I looked at the Tripwire-131 port in 6-current, (/usr/ports/security/tripwire-131/), and noticed that the Makefile has support for creating a floppy. I looked at the commands used and the following does not make sense to me: ${GZIP_CMD} < ${PREFIX}/bin/tripwire > /mnt/tripwire ${GZIP_CMD} < /usr/bin/gunzip > /mnt/gunzip The twcheck script put into /mnt/ is then supposed to execute ./tripwire and ./gunzip, but that is not possible ? I get: gzip < /usr/bin/gunzip > gunzip chmod 555 gunzip ./gunzip: Exec format error. Binary file not executable. Am I missing something here ? The database should be compressed though. Fix: change: ${GZIP_CMD} < ${PREFIX}/bin/tripwire > /mnt/tripwire ${GZIP_CMD} < /usr/bin/gunzip > /mnt/gunzip into: cat ${PREFIX}/bin/tripwire > /mnt/tripwire cat /usr/bin/gunzip > /mnt/gunzip
Responsible Changed From-To: freebsd-ports-bugs->cy Assign to maintainer.
State Changed From-To: open->analyzed FreeBSD 2.X and 3.X supported compressed binaries. 4.X, 5.X, and 6.X do not. As a floppy cannot contain a database and the binaries the floppy creation code will be removed from the Makefile.
State Changed From-To: analyzed->closed Tripwire no longer creates a floppy disk.
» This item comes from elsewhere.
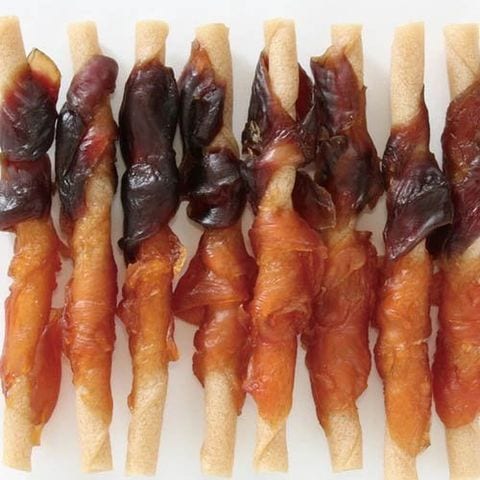 ●低脂肪、良質たん白質豊富なササミと鉄分豊富で味わい深い砂ぎもをやわらかく仕上げて、芯までおいしく食べられるやわらか弾力ガムに巻きました。

Since FreeBSD no longer supports compressed binaries and since systems are larger these days, it is reasonable to expect the user to user Tripwire 2 or create a CDROM or DVD with the Tripwire binaries and database, along with some kind of tool (e.g. gpg) to verify the integrity of the binaries and database stored on the CDROM or DVD.